The tax gap between Scotland and the rest of the UK continues to widen. Following the Finance Minister’s Scottish budget in December, the Higher Rate Tax threshold in Scotland is to remain frozen this year whilst this threshold will rise considerably for taxpayers in the rest of the UK
This means that from 6 April 2019 Scottish taxpayers will pay Higher Rate tax at 41% on income exceeding £43,430 per annum whilst UK taxpayers will pay 20% and will not become liable to UK Higher Rate tax of 40% until their income exceeds £50,000.
The impact on a Scottish resident taxpayer earning £50,000 will be an additional £1,500 of tax per annum than if they were resident in the rest of the UK.
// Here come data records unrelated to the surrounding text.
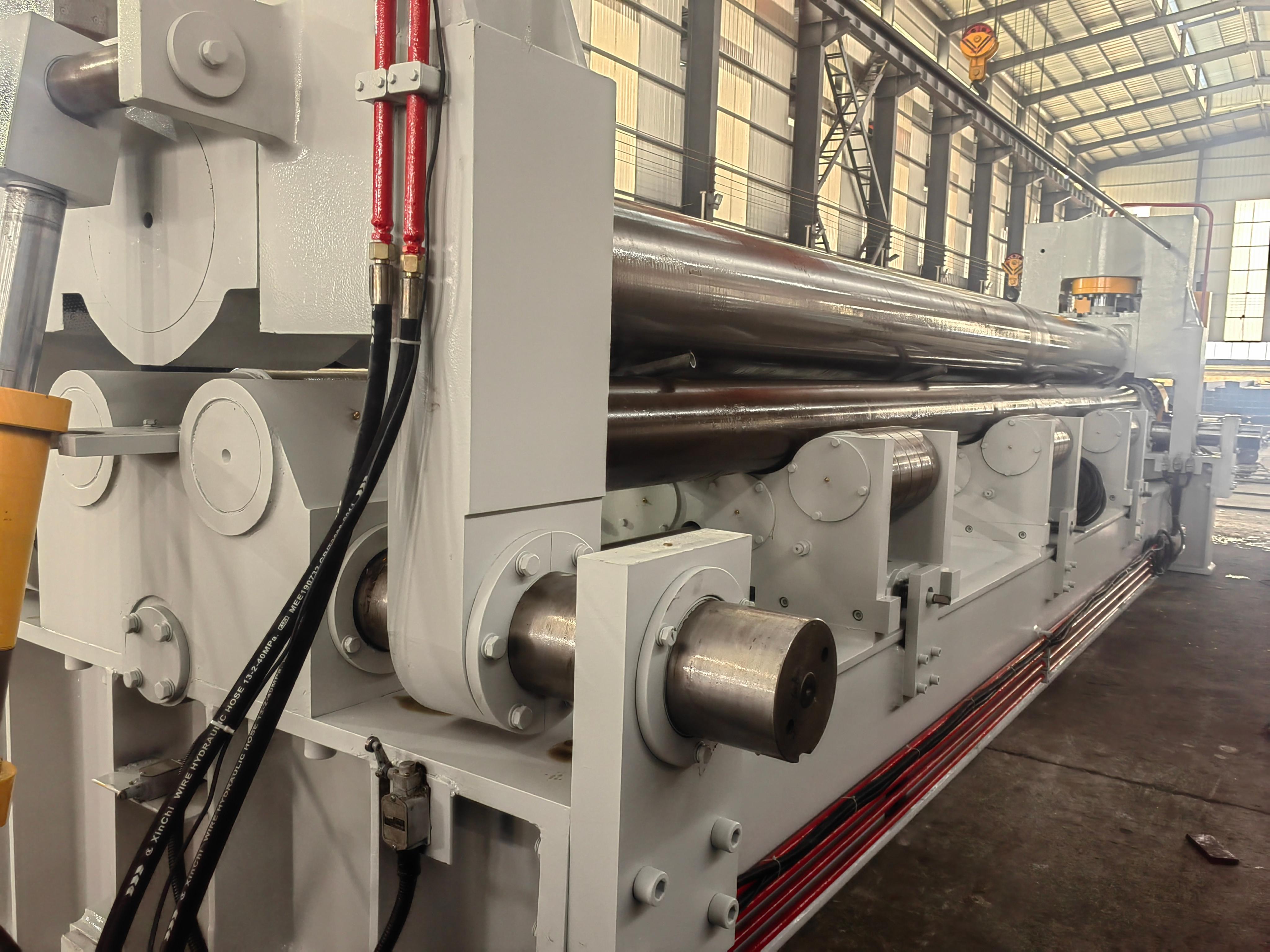 承载能力强:机架和辊轴采用高强度钢材制造,使得卷板机能承受厚板、高强度板材的压力,适用于不同厚度板材的卷制。无论是较薄的铝板,还是较厚的钢板,都能轻松应对。
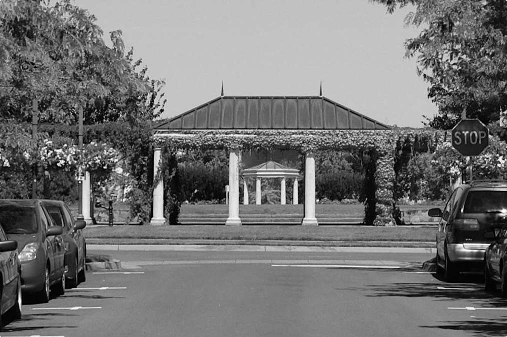 Pavilions in a neighborhood park in Hillsboro, Oregon, that hosts weddings, acoustic music events and other neighborhood-scale activities.
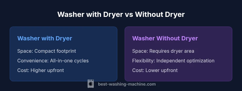 Choosing between a washing machine with a built-in dryer and a dedicated dryer is a common dilemma for households. The decision hinges on how you balance convenience against upfront cost, energy use, and space. The phrase washing machine with or without dryer describes two core layouts: all-in-one combo appliances and separate washers and dryers. According to Best Washing Machine, most households weigh space, daily volume, and maintenance burden when evaluating these options. In practical terms, if you live in a small apartment, a combo unit might save floor space; if you handle large families, dedicating separate machines can reduce cycle times and energy spikes. This guide uses objective criteria—space, energy, cost, and reliability—to help you decide which setup best suits your day-to-day laundry routine.
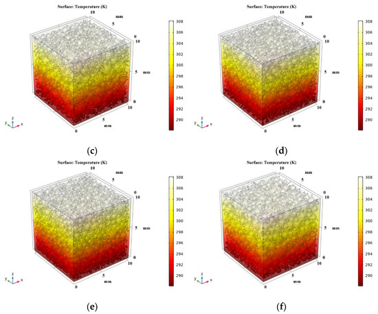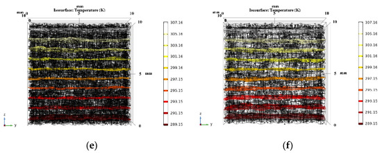 Based on the porosity and pore size distribution obtained from the pore structure’s analysis, the model of the NAAC’s pore structure was reconstructed by COMSOL. Moreover, the three-dimensional temperature distribution of NAAC specimens at different curing temperatures was obtained using COMSOL steady-state simulations, as shown in Figure 10. It can be seen that the temperature distribution of NAAC specimens obtained under different curing temperatures is similar to that of the reference concrete, and the NAAC with different porosities all reach the temperature equilibrium in the middle of the test blocks. Figure 11 shows the three-dimensional isotherm of the NAAC test blocks. It can be seen from Figure 11a that the isotherm of the reference concrete specimen (porosity is approximately 0) is straight and uniformly distributed, which indicates that heat is evenly diffused in the concrete test block. It is worth noting that with the increase in curing temperatures (porosity increases), the isotherms between the continuous medium and the dispersed medium are significantly distorted (as shown in Figure 11b–f). This is mainly due to the increase in porosity and the appearance of large pore sizes as the curing temperature increases. The change in the pore’s structure will lead to an inhomogeneous interface and changes in the heat transfer path. Additionally, the thermal conductivity of air is much lower than that of concrete, and there will be a thermal bridge effect at the edges of the pore’s structure.
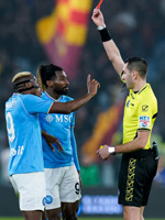 Очередной неудачный матч выдали действующие чемпионы Италии. «Наполи» под шефством Вальтера Мадзарри в гостях уступил «Роме». В первой половине заметно интереснее выглядели подопечные Жозе Моуринью, а особенно активничал Эдоардо Бове, который имел несколько отличных моментов, но реализовать их не сумел. Неаполитанцы на все это ответили эффектным, но не очень эффективным ударом пяткой от Замбо-Ангисса. В середине второго тайма произошел эпизод, который сильно повлиял на итоговый результат. Залевски прихватил Политано за футболку, после чего полузащитник «Наполи» пнул соперника и получил за это прямую красную карточку. Уже через десять минут «столичные волки» воспользовались численным преимуществом и открыли счет. Отличился удачно вышедший на замену Лоренцо Пеллегрини. Мог расставлять все точки над «i» Ромелу Лукаку, но гостей выручил Алекс Мерет. Ближе к концу встречи неаполитанцы еще и вдевятером остались. Вторую желтую карточку схлопотал Виктор Осимхен. «Рома» же в концовке забила еще раз усилиями Ромелу Лукаку и довела дело до победы со счетом 2:0. Команда Моуринью поднялась на шестую строчку в таблице.
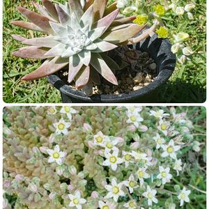 ⬆️ダドレア グリーニーのお花が咲きました🎵 あまり目立たないけど、頑張って咲いています。😆 ⬇️まるぞう♪さんからいただいたマジョールさんも、可愛いお花をたくさん咲かせています。😄✨ 頑張ろう❗日本‼️ 👊✨
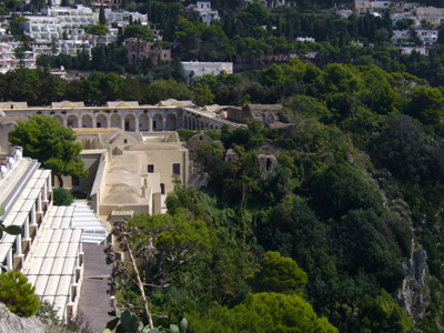 別名?カルトゥージア修道院とも呼ばれているようです。ここも、ティベリウスの別荘の跡地らしいので、何か遺跡が見られるのかと期待していったのですが・・・残念ながら、そういうものが残っていると思しき場所にはたどり着けませんでした。修復などが行われているせいなのか・・・見学できない部分もありましたし。しかし、アウグスト庭園(後でご紹介します)からみると、修道院の大回廊の横に遺跡らしいものが見えています・・・。下写真中央部付近がそれ。修道院内の教会や鐘楼は、写真の左側なのですが・・・興味の対象が遺跡だったため、写真を撮るのをころっと忘れてました(笑)。旅行記書こうというのに、まだまだ修行がたりません〜!
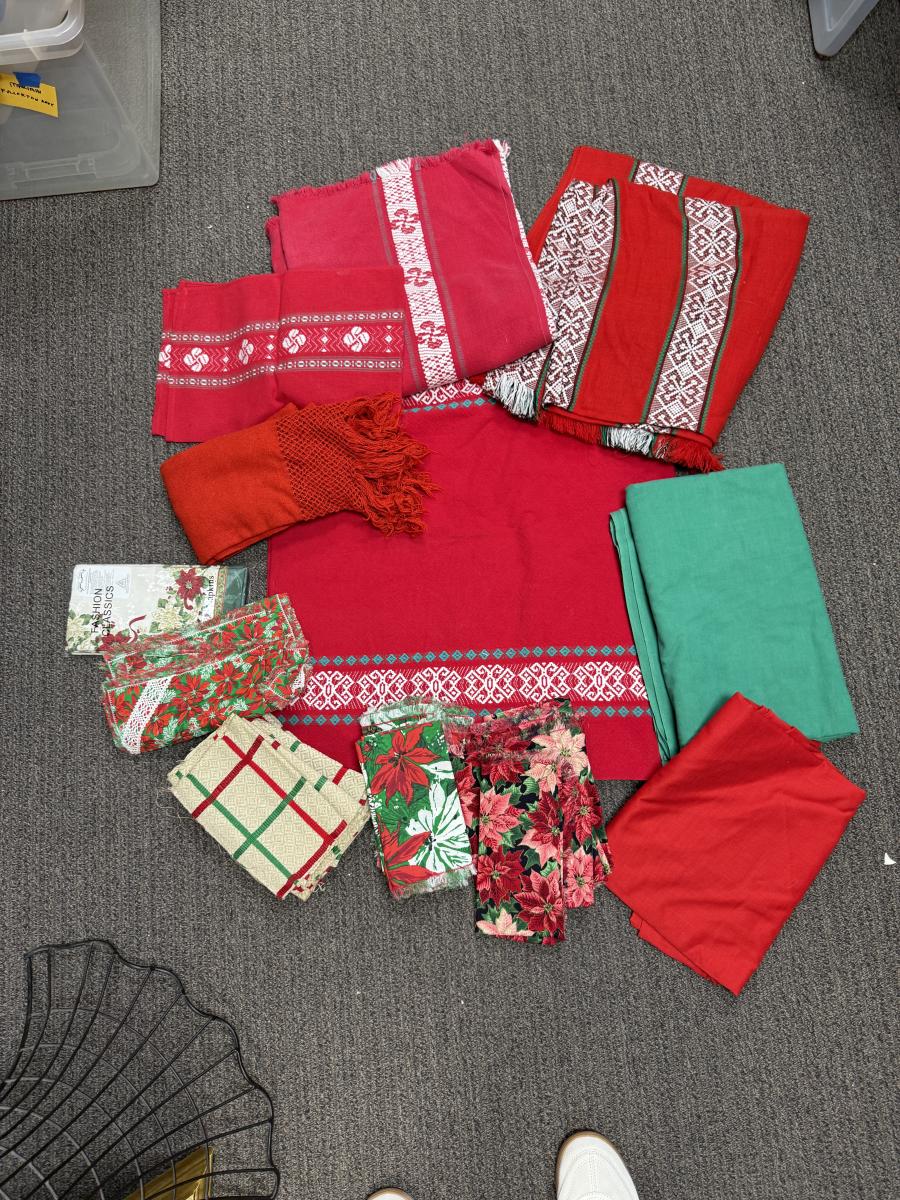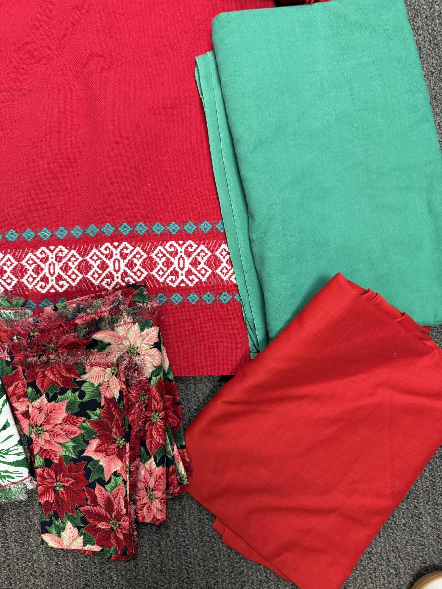Vintage Christmas red green Holiday Table Linen - tablecloths, napkins, runners
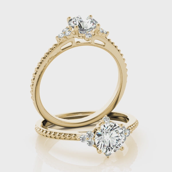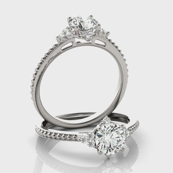 The Nordic Star Ring offers a delicate touch of elegance, featuring small round lab-grown diamonds that enhance the brilliance of the center stone. The setting, available in any of our precious metals, is adorned with beaded detailing, paying homage to heirloom styles that stand the test of time.

Scottish Income Tax Rates and Bands
As of 6 April 2019, the income tax rates and thresholds will be as follows:
|Income (£)||Name||Rate (%)|
|£12,501** – 14,549||Starter||19|
|£14,500 – £24,944||Basic||20|
|£24,945 – £43,430||Intermediate||21|
|£43,431 – £150,000***||Higher||41|
*No tax is payable on income below the Standard UK Personal Allowance, which is set by the UK Government.
**Assumes individuals are in receipt of the Personal Allowance.
***Those earning more than £100,000 will see their Personal Allowance reduced by £1 for every £2 earned over £100,000.
The Starter and Basic Rate bands are subject to modest inflation-based increases with the Higher rate and Top rate bands remaining as they are. The rates of tax are unchanged.
National Insurance also to increase
From 6th April, Scottish taxpayers will also see their liability to pay National Insurance (“NI”) increase. NI is still set by and paid to the UK Government, and whilst the primary rate for employees remains unchanged at 12%, this will now be payable on earnings up to £50,000 per annum because the upper threshold is aligned to the UK Higher Rate tax threshold.
As a consequence, the combined rate of Tax and NI in Scotland on earnings between £43,430 and £50,000 will be 53% compared to 32% for the rest of the UK!